# Uninstall Hotspot Shield Completely?



## NorthBeachnik

Is there an official (or unofficial) uninstall program for HotSpot Shield? I need to remove this program safely, leaving no remnants of the program on my laptop or in my system registry. Thanks in advance for you help! -- Alex:wave:


----------



## Johnny Tremaine

This might help:

http://episteme.arstechnica.com/eve/forums/a/tpc/f/99609816/m/537007607931



> ok found it, the hotspot shield adapter helper miniport crap could only be removed after going into network connections > properties > uninstall the tap vpn crap, which was still there AFTER the uninstall.


Apparantly, you are not alone in this.

There are other hits on Google "uninstall hotspot shield". You might also try Revo Uninstaller.

As a last resort, you might try a manual removal via the Registry, but that is pretty risky for a novice.


----------



## NorthBeachnik

Thanks for the assist! :wink: I'll give the first suggestion a try. If it doesn't work I'll move onto Revo (which I've read about on the Comodo (CIS) Support Forum. As for Reg Edit, I always leave that for last.
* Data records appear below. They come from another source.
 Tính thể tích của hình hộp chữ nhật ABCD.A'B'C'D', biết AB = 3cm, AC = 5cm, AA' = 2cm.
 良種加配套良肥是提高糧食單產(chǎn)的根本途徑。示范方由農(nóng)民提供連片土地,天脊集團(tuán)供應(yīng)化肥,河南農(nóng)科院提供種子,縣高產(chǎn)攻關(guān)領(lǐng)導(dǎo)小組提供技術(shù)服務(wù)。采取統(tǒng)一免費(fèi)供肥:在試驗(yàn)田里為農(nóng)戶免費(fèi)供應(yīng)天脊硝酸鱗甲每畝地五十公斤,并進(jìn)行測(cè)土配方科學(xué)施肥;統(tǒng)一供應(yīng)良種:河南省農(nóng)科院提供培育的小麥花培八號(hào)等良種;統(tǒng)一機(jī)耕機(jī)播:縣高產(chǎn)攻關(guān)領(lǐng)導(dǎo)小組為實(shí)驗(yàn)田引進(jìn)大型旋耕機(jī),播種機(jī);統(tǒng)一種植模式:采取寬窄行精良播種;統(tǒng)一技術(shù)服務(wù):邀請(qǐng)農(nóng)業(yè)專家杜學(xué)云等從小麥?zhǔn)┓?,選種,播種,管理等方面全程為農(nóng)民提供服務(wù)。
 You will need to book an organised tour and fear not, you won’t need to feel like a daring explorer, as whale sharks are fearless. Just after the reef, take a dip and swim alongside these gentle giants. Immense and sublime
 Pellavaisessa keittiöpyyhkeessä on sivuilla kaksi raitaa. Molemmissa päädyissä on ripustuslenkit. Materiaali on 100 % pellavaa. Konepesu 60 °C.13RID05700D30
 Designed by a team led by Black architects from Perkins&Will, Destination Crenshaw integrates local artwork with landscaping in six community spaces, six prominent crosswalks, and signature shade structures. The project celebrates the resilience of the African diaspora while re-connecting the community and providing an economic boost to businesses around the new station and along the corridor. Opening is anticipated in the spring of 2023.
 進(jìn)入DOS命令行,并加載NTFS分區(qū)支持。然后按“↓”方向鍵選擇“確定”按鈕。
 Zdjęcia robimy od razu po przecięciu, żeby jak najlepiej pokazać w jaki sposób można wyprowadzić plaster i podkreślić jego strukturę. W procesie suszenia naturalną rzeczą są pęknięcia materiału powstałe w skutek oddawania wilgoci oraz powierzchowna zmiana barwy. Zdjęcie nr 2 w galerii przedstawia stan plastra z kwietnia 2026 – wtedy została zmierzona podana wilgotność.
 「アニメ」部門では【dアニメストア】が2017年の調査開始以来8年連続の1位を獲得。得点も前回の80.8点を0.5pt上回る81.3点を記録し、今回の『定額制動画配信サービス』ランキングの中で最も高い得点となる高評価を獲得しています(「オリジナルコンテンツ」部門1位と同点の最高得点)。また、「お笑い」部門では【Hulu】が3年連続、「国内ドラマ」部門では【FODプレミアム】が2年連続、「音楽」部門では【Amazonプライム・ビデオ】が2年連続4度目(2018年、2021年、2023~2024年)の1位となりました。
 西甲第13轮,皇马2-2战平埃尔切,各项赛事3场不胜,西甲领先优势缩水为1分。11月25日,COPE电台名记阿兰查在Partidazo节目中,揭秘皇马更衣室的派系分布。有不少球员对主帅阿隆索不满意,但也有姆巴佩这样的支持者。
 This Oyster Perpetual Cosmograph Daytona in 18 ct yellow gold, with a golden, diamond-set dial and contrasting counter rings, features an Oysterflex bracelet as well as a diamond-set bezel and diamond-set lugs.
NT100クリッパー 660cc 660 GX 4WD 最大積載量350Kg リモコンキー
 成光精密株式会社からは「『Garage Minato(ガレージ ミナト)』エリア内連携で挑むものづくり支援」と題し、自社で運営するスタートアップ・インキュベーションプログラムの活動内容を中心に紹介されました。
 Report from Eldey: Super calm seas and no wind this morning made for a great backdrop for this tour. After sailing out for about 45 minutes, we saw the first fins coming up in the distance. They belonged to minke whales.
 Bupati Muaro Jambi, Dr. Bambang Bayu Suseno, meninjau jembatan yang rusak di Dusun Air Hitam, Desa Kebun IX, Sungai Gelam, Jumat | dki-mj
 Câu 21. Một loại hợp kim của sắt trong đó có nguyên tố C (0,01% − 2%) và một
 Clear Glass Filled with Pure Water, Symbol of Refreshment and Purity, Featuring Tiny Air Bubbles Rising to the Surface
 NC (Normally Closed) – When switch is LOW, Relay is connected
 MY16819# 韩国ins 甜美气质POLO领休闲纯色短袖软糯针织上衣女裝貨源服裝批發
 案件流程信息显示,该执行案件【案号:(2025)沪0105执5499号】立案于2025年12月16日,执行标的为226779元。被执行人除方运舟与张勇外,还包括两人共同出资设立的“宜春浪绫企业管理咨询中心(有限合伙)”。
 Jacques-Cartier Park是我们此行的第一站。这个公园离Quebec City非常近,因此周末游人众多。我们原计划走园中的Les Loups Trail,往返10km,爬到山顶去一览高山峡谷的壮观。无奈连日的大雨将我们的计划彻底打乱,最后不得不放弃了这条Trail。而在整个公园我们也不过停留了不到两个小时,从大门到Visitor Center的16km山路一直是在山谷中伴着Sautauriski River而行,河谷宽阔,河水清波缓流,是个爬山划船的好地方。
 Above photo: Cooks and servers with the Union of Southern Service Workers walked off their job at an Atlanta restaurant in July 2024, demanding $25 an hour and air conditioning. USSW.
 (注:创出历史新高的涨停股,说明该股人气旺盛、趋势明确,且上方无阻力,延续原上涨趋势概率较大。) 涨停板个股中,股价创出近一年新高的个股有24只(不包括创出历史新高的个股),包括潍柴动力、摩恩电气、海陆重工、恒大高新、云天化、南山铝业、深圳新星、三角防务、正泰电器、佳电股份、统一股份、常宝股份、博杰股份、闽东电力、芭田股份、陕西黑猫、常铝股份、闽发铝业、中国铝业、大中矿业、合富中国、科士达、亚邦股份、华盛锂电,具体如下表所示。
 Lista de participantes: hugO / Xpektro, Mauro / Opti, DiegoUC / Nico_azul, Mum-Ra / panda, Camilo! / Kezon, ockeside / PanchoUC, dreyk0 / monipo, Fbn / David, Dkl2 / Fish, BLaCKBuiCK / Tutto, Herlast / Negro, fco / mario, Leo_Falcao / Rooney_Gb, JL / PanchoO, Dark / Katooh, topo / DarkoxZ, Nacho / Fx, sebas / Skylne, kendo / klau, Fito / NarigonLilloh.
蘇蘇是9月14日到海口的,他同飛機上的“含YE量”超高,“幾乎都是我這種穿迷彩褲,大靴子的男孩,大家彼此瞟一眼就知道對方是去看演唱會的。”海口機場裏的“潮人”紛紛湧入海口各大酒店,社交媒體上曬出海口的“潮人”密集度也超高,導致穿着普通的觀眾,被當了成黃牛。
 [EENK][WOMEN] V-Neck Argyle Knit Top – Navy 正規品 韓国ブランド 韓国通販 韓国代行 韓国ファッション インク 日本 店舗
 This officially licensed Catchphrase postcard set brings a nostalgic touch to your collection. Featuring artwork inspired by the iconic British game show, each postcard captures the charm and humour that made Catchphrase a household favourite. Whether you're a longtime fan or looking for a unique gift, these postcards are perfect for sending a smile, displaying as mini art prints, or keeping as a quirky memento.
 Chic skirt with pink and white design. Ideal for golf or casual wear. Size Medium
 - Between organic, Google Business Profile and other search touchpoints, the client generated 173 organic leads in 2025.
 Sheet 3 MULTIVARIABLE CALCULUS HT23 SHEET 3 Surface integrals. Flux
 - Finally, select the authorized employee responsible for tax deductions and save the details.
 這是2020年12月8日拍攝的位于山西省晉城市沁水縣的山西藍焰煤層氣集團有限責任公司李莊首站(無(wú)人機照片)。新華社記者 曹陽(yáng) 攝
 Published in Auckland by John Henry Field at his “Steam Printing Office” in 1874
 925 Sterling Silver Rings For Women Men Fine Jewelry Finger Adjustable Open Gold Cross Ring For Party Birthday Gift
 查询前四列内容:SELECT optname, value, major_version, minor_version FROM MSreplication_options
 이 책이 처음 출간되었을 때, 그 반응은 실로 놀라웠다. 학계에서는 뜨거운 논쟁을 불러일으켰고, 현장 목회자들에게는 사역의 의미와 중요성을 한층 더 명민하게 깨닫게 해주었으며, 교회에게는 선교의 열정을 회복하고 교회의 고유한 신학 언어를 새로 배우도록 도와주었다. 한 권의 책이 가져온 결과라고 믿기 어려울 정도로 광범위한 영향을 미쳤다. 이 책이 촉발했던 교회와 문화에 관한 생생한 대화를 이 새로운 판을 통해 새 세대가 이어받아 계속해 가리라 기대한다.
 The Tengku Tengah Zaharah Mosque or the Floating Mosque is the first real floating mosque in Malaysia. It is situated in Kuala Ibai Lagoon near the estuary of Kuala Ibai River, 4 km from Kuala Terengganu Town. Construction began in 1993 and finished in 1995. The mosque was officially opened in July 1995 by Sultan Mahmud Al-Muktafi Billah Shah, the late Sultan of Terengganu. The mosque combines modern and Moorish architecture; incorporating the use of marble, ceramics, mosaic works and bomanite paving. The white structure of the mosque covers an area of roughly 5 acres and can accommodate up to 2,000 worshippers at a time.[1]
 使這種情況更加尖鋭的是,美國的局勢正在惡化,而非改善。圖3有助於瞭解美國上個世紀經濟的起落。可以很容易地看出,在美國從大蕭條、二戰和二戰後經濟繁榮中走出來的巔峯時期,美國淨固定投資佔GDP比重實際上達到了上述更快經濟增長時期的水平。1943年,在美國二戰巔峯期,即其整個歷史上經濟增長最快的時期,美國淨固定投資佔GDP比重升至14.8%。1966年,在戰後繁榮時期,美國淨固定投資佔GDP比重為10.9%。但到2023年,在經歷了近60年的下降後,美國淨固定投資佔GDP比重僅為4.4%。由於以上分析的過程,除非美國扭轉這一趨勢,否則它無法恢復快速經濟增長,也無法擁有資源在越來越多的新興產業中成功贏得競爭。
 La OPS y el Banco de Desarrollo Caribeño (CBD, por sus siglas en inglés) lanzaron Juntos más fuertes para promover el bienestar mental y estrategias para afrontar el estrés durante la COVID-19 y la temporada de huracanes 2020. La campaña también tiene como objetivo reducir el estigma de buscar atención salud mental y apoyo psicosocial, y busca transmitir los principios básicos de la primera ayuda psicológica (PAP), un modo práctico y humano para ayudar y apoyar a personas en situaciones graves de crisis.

I'll let you know how it goes.



Johnny Tremaine said:


> This might help:
> 
> http://episteme.arstechnica.com/eve/forums/a/tpc/f/99609816/m/537007607931
> 
> 
> 
> Apparantly, you are not alone in this.
> 
> There are other hits on Google "uninstall hotspot shield". You might also try Revo Uninstaller.
> 
> As a last resort, you might try a manual removal via the Registry, but that is pretty risky for a novice.


----------



## drsoum

tried revo and ccleaner and manually removing all hss files from my machine but that didn't help. this is what i did to remove it in win xp. note that this is playing with the registry to backup first. or don't
right-click my computer, choose properties, then go to the hardware tab. choose device manager
right-click the anchor free miniport helper (it's under network adapters in the heirarchy), choose properties and then choose the details tab. make a note of the instance ID (this is where the device resides in the registry)
make a note of the part that says hss (should be something like ROOT\hss****\000* or something, i deleted mine and didn't make a note of it)
exit out of all the windows then go start>run and type regedt32 (not regedit)
search for the string you made a note of above (hss****, with **** replacing what it says on your machine)
when the string is found, right click the entire branch and choose permissions. there allow all actions to all users. ok out.
delete the branch.
keep repeating until all hss****\000* branches are deleted (i found 3 on my machine).
for good measure i deleted all hss instances in the registry, but i wouldn't do this casually as some entries are within branches so you might need to delete the entry itself, not the entire branch.


----------



## kute_cowboy

I have tried the deletion method listed above but found a number pieces in my registry that return errors and cannot be deleted. Suggestion?


----------



## Alex L

drsoum said:


> tried revo and ccleaner and manually removing all hss files from my machine but that didn't help. this is what i did to remove it in win xp. note that this is playing with the registry to backup first. or don't
> right-click my computer, choose properties, then go to the hardware tab. choose device manager
> right-click the anchor free miniport helper (it's under network adapters in the heirarchy), choose properties and then choose the details tab. make a note of the instance ID (this is where the device resides in the registry)
> make a note of the part that says hss (should be something like ROOT\hss****\000* or something, i deleted mine and didn't make a note of it)
> exit out of all the windows then go start>run and type regedt32 (not regedit)
> search for the string you made a note of above (hss****, with **** replacing what it says on your machine)
> when the string is found, right click the entire branch and choose permissions. there allow all actions to all users. ok out.
> delete the branch.
> keep repeating until all hss****\000* branches are deleted (i found 3 on my machine).
> for good measure i deleted all hss instances in the registry, but i wouldn't do this casually as some entries are within branches so you might need to delete the entry itself, not the entire branch.


Could someone lay this out for Vista service pack 2? I really want to get rid of this toolbar.


----------